Повторяю, в первой половине марта 1918 года о власти я не думал. Я скучал от ничего неделания, возмущался, что другие тоже ничего не делают. Видел полную растерянность или же какой-то совершенно необоснованный оптимизм, что вот немцы пришли, теперь наступит полный порядок, и всем будет хорошо. Возмущался немцами, которые, мне казалось, смотрели на нас исключительно как на будущую колонию и все прибирали к рукам.
Не зная хорошо психологии наших имущественных классов, как крупных, так и мелких, я думал, что стоит только энергично взяться за дело, как все это спаяется в сильную организацию, голос которой услышат немцы, с одной стороны, и все социалистические партии, с другой.
В национальном вопросе считал, что нужно спасти этот богатейший край, выдвинув украинский национализм, но не во вред русским культурным начинаниям и не воспитывая ненависти к России, а давая свободно развиваться здоровым начинаниям украинства.
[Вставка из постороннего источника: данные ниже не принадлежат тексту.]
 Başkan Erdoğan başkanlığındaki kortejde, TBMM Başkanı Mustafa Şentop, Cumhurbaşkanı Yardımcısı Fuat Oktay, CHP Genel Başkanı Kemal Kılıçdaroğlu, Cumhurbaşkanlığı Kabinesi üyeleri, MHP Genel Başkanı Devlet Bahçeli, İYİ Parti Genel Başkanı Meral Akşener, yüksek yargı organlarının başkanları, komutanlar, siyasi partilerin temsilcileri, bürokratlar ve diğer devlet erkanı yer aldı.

Тяготения к Галиции и восприятия галицийского мировоззрения я не хотел, считая это для нас несоответственным явлением, которое привело бы нас к духовному и физическому обнищанию. Вместе с тем возмущался теми великороссами, которые, не считаясь с жизнью, все твердят свое старое и смотрят на Украину как на нечто, ничем не отличающееся от Тульской губернии. Считал, что в вопросе национальном мы должны идти смело и решительно вперед, что если мы не станем на этот путь, то мы ничего не получим.
Меня смущала несколько мысль, что немцы стоят за самостийную Украину во чтобы то ни стало, но тогда я более чем когда-либо верил, что немцы не могут быть окончательными вершителями наших судеб, хотя я, конечно, как, я думаю, и никто и в Германии, не ожидал, что в царстве Вильгельма может произойти такая социальная катастрофа.
Короче говоря, я хотел создать и быть одним из главарей той демократической партии, учреждаемой мною, которая должна была вести к компромиссам между собственностью и неимущими и между великороссами и украинцами.
В то время в Центральной Раде, впрочем, об этом я говорил уже выше, был раскол; выдвигались различные комбинации. Немцы старались тоже влиять на дела и думали о смене министерств. По городу ходили различные списки министров, между прочим, в некоторых списках фигурировал и я, как военный министр. Я над этим только смеялся. На должность военного министра, при таком хаотическом состоянии управления страной, идти было не сладко. Так пока шло дело.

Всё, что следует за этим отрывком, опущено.